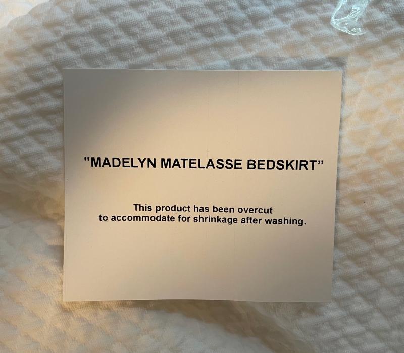 Add the perfect finishing touch to your bed. Our Madelyn Matelassé textured bed skirt stylishly covers your box spring and creates a fluid look from the bedding to the floor which allows you to discreetly utilize the extra storage space under your bed. Woven of Egyptian cotton and assembled in Portugal, this easy-care bed skirt adds luxury and charm to any bedroom.
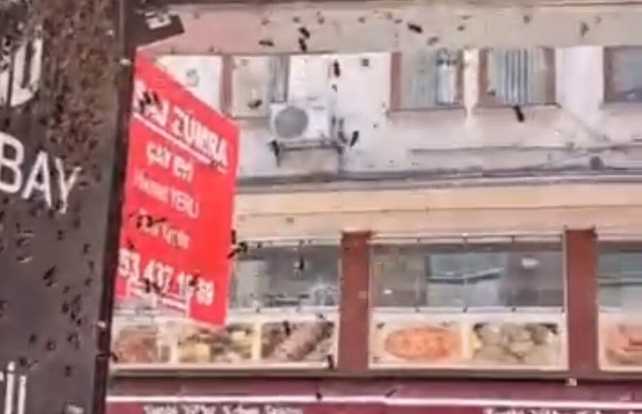 Osmangazi ilçesi Aktarhüssam Mahallesi Millet Sokak’taki bir iş hanının girişine tavana bal arıları oğul verdi. Sabah iş yerlerine gelen çalışanlar, arıları görünce sokakta beklemek zorunda kaldı. Esnafının haber verdiği arıcılıkla uğraşan Hüseyin Savcı, sokağa gelerek arıları kovana aldı. Çalışanlar, bir saatlik beklemenin ardından handaki iş yerlerine girdi.
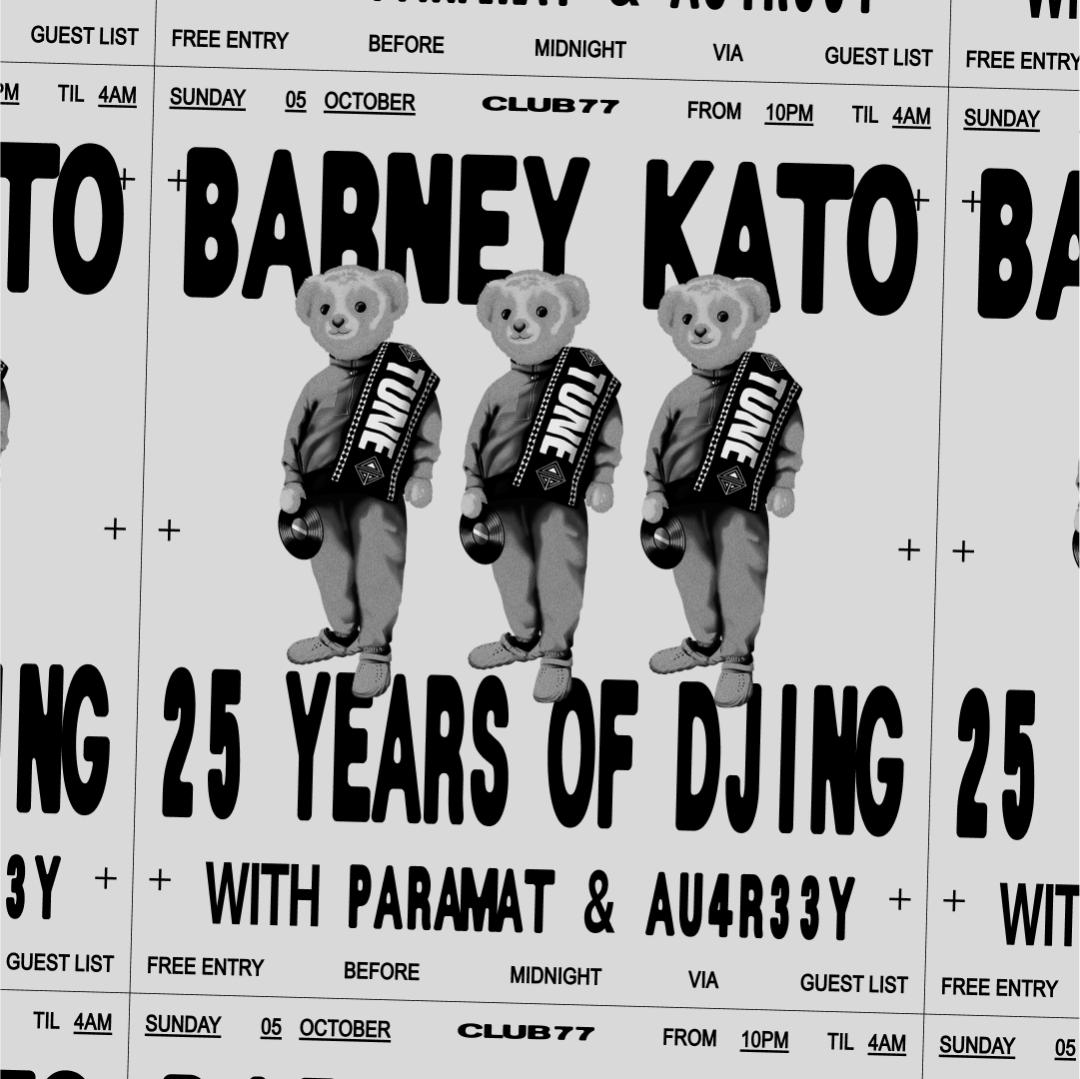 Event Info & Guest List: https://www.club77.com.au/events/barney-kato-25-years
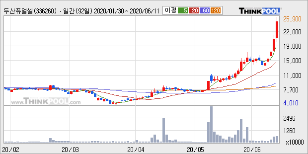 두산퓨얼셀 : 미 증시 수소연료전지 니콜라 강세에 따라 관련주 강세
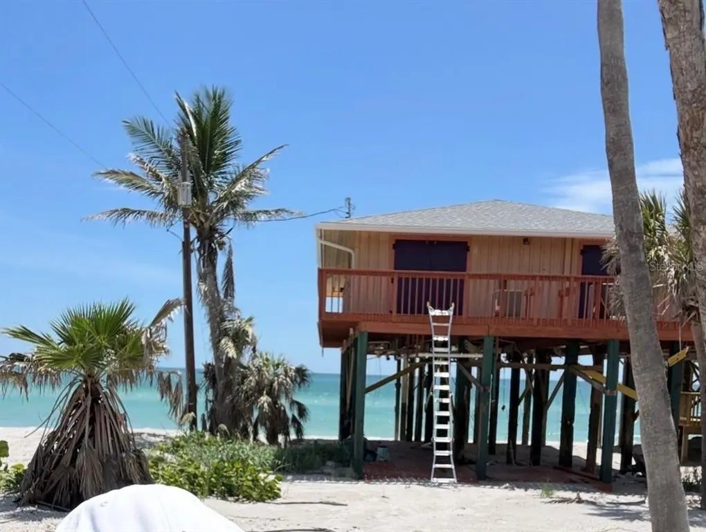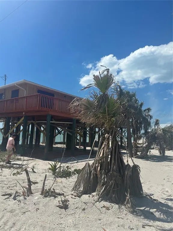 Escape to the quiet, unspoiled beauty of Little Gasparilla Island where sandy paths replace roads, golf carts replace cars, and the Gulf of Mexico becomes your backyard. Located directly on the beach, this stilt home sits on a prime stretch of shoreline offering sweeping water views, sea breezes, and the rare privacy only a boat-access barrier island can provide. You will soon be naming the dolphins and sea birds as they become a part of your everyday routine. If you enjoy watersports, you will never have to go far to set sail on the kayaks, wave runners or the Grady White. The dock is conveniently located and available for a minimal annual fee. The sunsets here are unlike all others. Breathtaking. The island is known for its remote, laid-back lifestyle—no bridges, no crowds, just miles of beach, wildlife, and the rhythm of the tides. Accessible by private boat or water taxi, this is Old Florida at its most authentic. Contact details provided for the water taxi service and on island golf cart rental. The existing elevated home has sustained damage to the lower level. Property is being sold strictly for land value. Seller makes no warranties or representations regarding condition, repairs, or improvements. Buyers should conduct their own due diligence. This offering presents an opportunity for those looking to renovate, rebuild, or create a custom island retreat on a coveted Gulf-front parcel. There are no steps or lifts to the second floor. Bring your imagination along with your contractor. If you’ve been waiting for a chance to own a slice of Little Gasparilla’s secluded beachfront, this is your canvas.
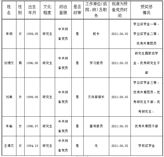 经党支部研究,拟吸收申玥等五位同志转为中共正式党员,现将其基本情况予以公示。在公示期内,欢迎广大党员、干部、群众通过信函、电话或直接到党支部或上级党委部门反映公示对象思想品质、现实表现、廉洁自律、培养教育等方面的情况。公示时间为7天。
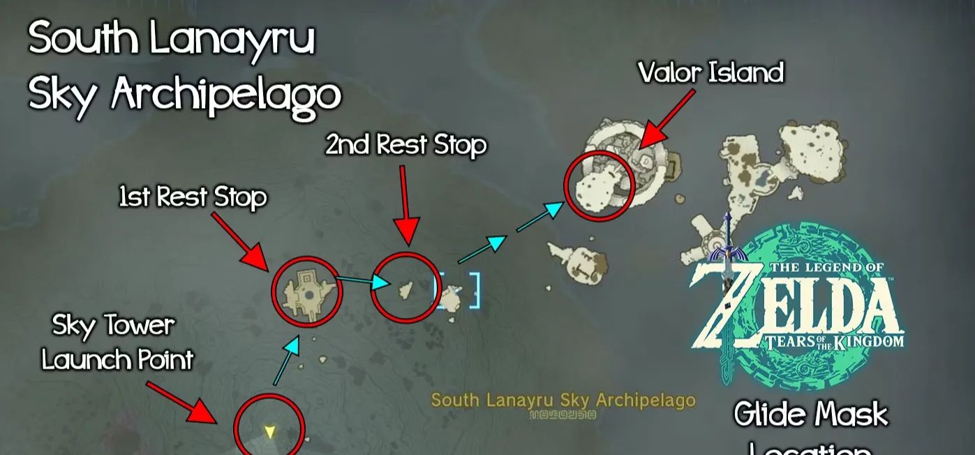 После запуска в небо летите на северо-восток от башни в сторону острова Валор, расположенного в регионе Южный архипелаг Ланайру Скай. Имейте в виду, что попытка полететь прямо к острову Валор потребует значительного количества выносливости по сравнению с предыдущими островами. Сделайте остановку на соседних островах к северо-востоку от башни. На каждом из этих островов есть собранный летательный аппарат Зонаи, который поможет добраться до следующего острова.
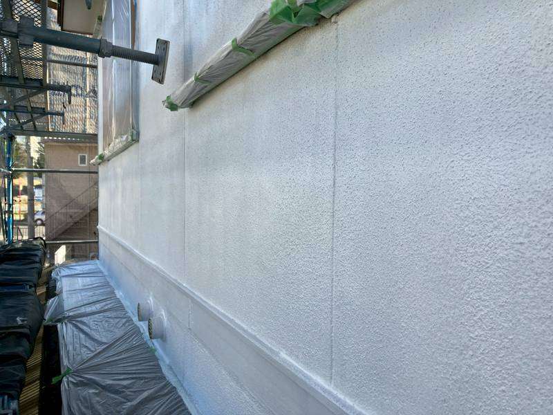 今日の作業は、付帯部塗装・軒天塗装・外壁塗装作業を行っています。
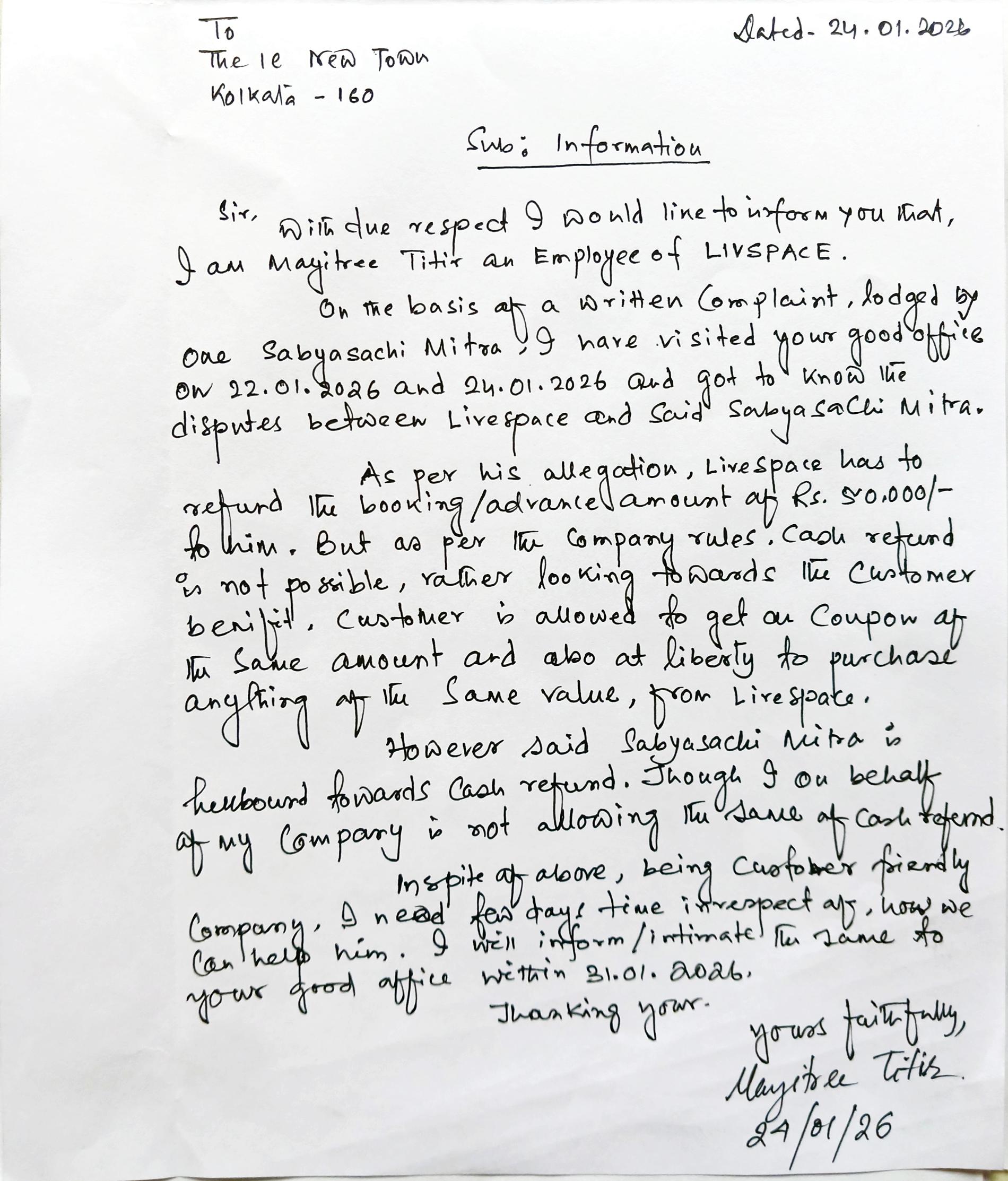 The NEWTOWN PS summoned the LIVSPACE team on 22.01.2026. . They wanted to have a face to face discussion with me ( i.e., with the customer / client ) . . Accordingly , the P S called me on my phone to find a mutually convenient time . . I agreed to visit the PS to meet the Livspace team on 2 4 . 0 1 . 2 0 2 6 . . Hence, I reached the NEW TOWN PS on 24th JANUARY 2026 around 11 am . .

# # #

→ **TASK ITEM**
Because only the text is wanted, copy each record above precisely and omit its pictures.

→ **OUTPUT OF THE TASK**
 Add the perfect finishing touch to your bed. Our Madelyn Matelassé textured bed skirt stylishly covers your box spring and creates a fluid look from the bedding to the floor which allows you to discreetly utilize the extra storage space under your bed. Woven of Egyptian cotton and assembled in Portugal, this easy-care bed skirt adds luxury and charm to any bedroom.
 Osmangazi ilçesi Aktarhüssam Mahallesi Millet Sokak’taki bir iş hanının girişine tavana bal arıları oğul verdi. Sabah iş yerlerine gelen çalışanlar, arıları görünce sokakta beklemek zorunda kaldı. Esnafının haber verdiği arıcılıkla uğraşan Hüseyin Savcı, sokağa gelerek arıları kovana aldı. Çalışanlar, bir saatlik beklemenin ardından handaki iş yerlerine girdi.
 Event Info & Guest List: https://www.club77.com.au/events/barney-kato-25-years
 두산퓨얼셀 : 미 증시 수소연료전지 니콜라 강세에 따라 관련주 강세
 Escape to the quiet, unspoiled beauty of Little Gasparilla Island where sandy paths replace roads, golf carts replace cars, and the Gulf of Mexico becomes your backyard. Located directly on the beach, this stilt home sits on a prime stretch of shoreline offering sweeping water views, sea breezes, and the rare privacy only a boat-access barrier island can provide. You will soon be naming the dolphins and sea birds as they become a part of your everyday routine. If you enjoy watersports, you will never have to go far to set sail on the kayaks, wave runners or the Grady White. The dock is conveniently located and available for a minimal annual fee. The sunsets here are unlike all others. Breathtaking. The island is known for its remote, laid-back lifestyle—no bridges, no crowds, just miles of beach, wildlife, and the rhythm of the tides. Accessible by private boat or water taxi, this is Old Florida at its most authentic. Contact details provided for the water taxi service and on island golf cart rental. The existing elevated home has sustained damage to the lower level. Property is being sold strictly for land value. Seller makes no warranties or representations regarding condition, repairs, or improvements. Buyers should conduct their own due diligence. This offering presents an opportunity for those looking to renovate, rebuild, or create a custom island retreat on a coveted Gulf-front parcel. There are no steps or lifts to the second floor. Bring your imagination along with your contractor. If you’ve been waiting for a chance to own a slice of Little Gasparilla’s secluded beachfront, this is your canvas.
 经党支部研究,拟吸收申玥等五位同志转为中共正式党员,现将其基本情况予以公示。在公示期内,欢迎广大党员、干部、群众通过信函、电话或直接到党支部或上级党委部门反映公示对象思想品质、现实表现、廉洁自律、培养教育等方面的情况。公示时间为7天。
 После запуска в небо летите на северо-восток от башни в сторону острова Валор, расположенного в регионе Южный архипелаг Ланайру Скай. Имейте в виду, что попытка полететь прямо к острову Валор потребует значительного количества выносливости по сравнению с предыдущими островами. Сделайте остановку на соседних островах к северо-востоку от башни. На каждом из этих островов есть собранный летательный аппарат Зонаи, который поможет добраться до следующего острова.
 今日の作業は、付帯部塗装・軒天塗装・外壁塗装作業を行っています。
 The NEWTOWN PS summoned the LIVSPACE team on 22.01.2026. . They wanted to have a face to face discussion with me ( i.e., with the customer / client ) . . Accordingly , the P S called me on my phone to find a mutually convenient time . . I agreed to visit the PS to meet the Livspace team on 2 4 . 0 1 . 2 0 2 6 . . Hence, I reached the NEW TOWN PS on 24th JANUARY 2026 around 11 am . .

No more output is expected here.